伽罗所住的府宅是请当年设计皇城的建筑师设计的,与皇宫有异曲同工之妙。院落面积很大,仿了大煌太子姬胤的东宫。长长的廊道外悬挂着轻薄的云纱,朦胧着廊外的月光。长廊旁侧是清浅的池水,星星点点的灯火浮在水面上。
伽罗抱着膝盖坐在池边,她喜欢坐在水旁。
一片冷月悬在天上。
她察觉有人来了,但却没有挑破,反而取出了胡笳。
乐声苍凉旷远,却和这座精致的中原庭院格格不入,仿佛必须要草原上那片广阔的天空才能容纳得下。此时在这间小院当中,胡笳声便显得闷闷的,忽然一滞,再难为继。
伽罗叹了一声,放下了胡笳。
“公主。”一个声音隔着池水传了过来。
伽罗没抬头,望着水面。
宫挽绫也没再叫她,沉默地立在池旁。
“我想家了。”过了许久,伽罗轻轻地说道。
“你知道吗?夏天的幼泽是最美的,就是你见到的那个样子。老人们都说幼泽是神的泉水,所以最有灵性的生命都在那里居住。春天的时候百花盛开,所有的生灵一并醒来,年轻的牧族男女会在那里相遇,在天地之间结下最虔诚的约定。”
“秋天和冬天的幼泽也很美。你看见我在那里放羊了吧?冬天不是小羊出生的季节,因此新的一年诞下的羊羔们都长得半大了。我们一般不杀这些新的生命,除非我娘特别馋……”
伽罗笑了笑:“我娘以前最喜欢吃小羊羔,烤得嫩嫩的那种,撒上盐巴,还有从西方来的香料……”
宫挽绫听出了后来:“后来塞娅殿下不吃羊羔了吗?”
“不是不爱吃,是不能吃了。”伽罗漠然道。
她转过头,眼神有些殷切地望着宫挽绫:“你要听我娘的故事吗?”
宫挽绫望着她,答不上话来。她知道说“是”的答案是什么,一直以来她游离于人群之外,祭祀官的身份要求她不能有过多的喜怒哀乐。她和姬羽辉夜做好朋友,和伽罗做好朋友,却始终留有一点距离。她从不和她们讲心里话。也不常听她们说心里话。这类话题显得太过私密,一旦倾听,就意味着更加亲密的关系。
可伽罗明晃晃地盯着她,眼神亮亮的像一个邀请。
邀请她进入她的领地,邀请她知道她的过往,邀请她参与她的未来。
面对这双眼睛,宫挽绫说不出拒绝的话。
*
在牧族女子心中,塞娅是一个传奇的名字。在那段最为黑暗、冷峻的岁月里,这个女人站了起来,将她的子民护在身下,如同狼群来临时,母羊将小羊遮在身下。很难想象一个女人的身躯会像铁塔一样坚强,顶住了一波又一波的强敌,甚至成为了族群当中的头羊。

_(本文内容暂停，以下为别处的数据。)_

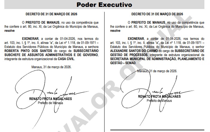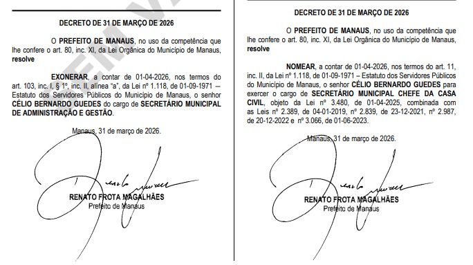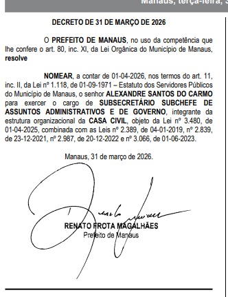 A Prefeitura de Manaus oficializou, por meio de decretos publicados nesta terça-feira (31/3), novas exonerações e nomeações que indicam mudanças na estrutura administrativa do Executivo municipal, principalmente na Casa Civil.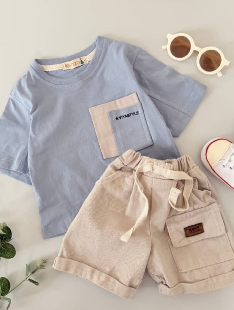 ست تیشرت شلوارک جیب دار آبی آسمانی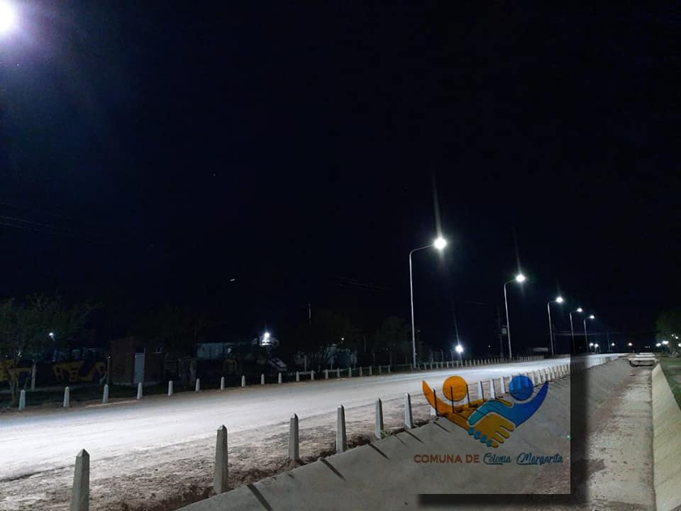 Parcialmente la obra de alumbrado público en la Ruta 63 se pone en marcha para dar un diferente impacto visual .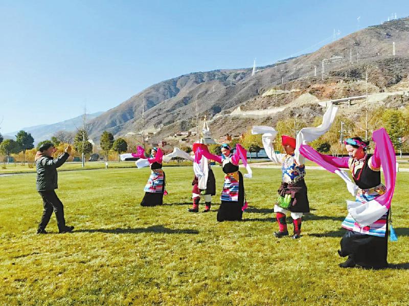 弦子舞跳進全國春節(jié)“村晚”,非遺火熱“出圈”,是巴塘縣多年努力的成果?!跋易游枨陙硪揽靠趥餍氖诘姆绞絺鞒校瑳]有具體樂譜。為保護傳承這一非物質文化遺產(chǎn),我們將弦子編入學校課間操,并成立弦子數(shù)據(jù)庫,目前已收集661張圖片、182組詞、244組曲、608首音頻、402個視頻?!卑吞量h文化廣播電視和旅游局副局長童玲介紹。

煌正德帝七年,牧王奎尔奇挥师远征东夷,途中遭遇伏击,客死异乡。
牧族和东夷原本没有摩擦。牧族地处西域,东夷则居于北方草原。在奎尔奇还是个牧族小孩的时候,一场寒潮过境,铺满了整个北方草原。那个冬天东夷人得不到足够的草料,又打不过强盛的大煌,便尝试越境西域。
西域也有草原,高山草甸上生长着牦牛。他们和牧族争夺边缘的草场,分享西北为数不多的水源。东夷人虽然武器原始,但天生蛮力无穷,悍不畏死,贫瘠的家园迫使他们不得不寻找新的出路,因此数十年来,东夷和牧族的摩擦愈演愈烈。

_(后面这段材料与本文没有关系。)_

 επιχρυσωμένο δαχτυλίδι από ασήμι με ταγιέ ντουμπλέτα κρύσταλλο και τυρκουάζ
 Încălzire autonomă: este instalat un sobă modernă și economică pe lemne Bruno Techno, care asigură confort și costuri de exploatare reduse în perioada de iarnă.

奎尔奇终于受不了了,卧榻之畔怎能容许他人酣睡?他堂堂牧族之主,实在咽不下这口气。
只有一个人坚决反对这场远征。不过奎尔奇这种目空一切的男人是不会听从女人的意见的,上至贵族,下至平民,每个人都支持他的远征计划,塞娅的名声则跌至谷底。
大军浩浩荡荡开拔,凄凄惨惨归来。运回来的只有奎尔奇穿过的铁甲,他本人则在乱军中被踩成了肉饼。近二十万大军只剩下两千人,被呐喊着要建设新家园的东夷人打得落花流水……
万俟部率先宣布脱离联军,紧随其后的是一向与万俟部交好的公羊、胡、木等部族。各部损失惨重,纷纷各回各家。但状况最糟的是黄金族,作为主力,他们的精锐受到了东夷骑兵团最为猛烈的冲击。剩余士兵不足三万,算上老弱病残,勉勉强强凑到三万五。
东夷十五万大军滚滚而下。
摆在刚刚丧偶的塞娅面前的就是这样一个烂摊子。
如果这时候牧族能够团结一心,打退敌军并非一纸空谈。东夷缺少食粮,这次长途奔袭已经掏空了他们的家底。只不过牧族内部分裂已久,没有一个部落肯用削弱自己的代价换取胜利,即便是为了生存。他们互相怀疑,不肯将后背交给彼此,铁部族长铁阀指责正是由于当值的万俟部士兵疏于职守,才让东夷偷袭成功。万俟部当然也不会站在那让人骂,将这场远征的失败完全推到了黄金部头上。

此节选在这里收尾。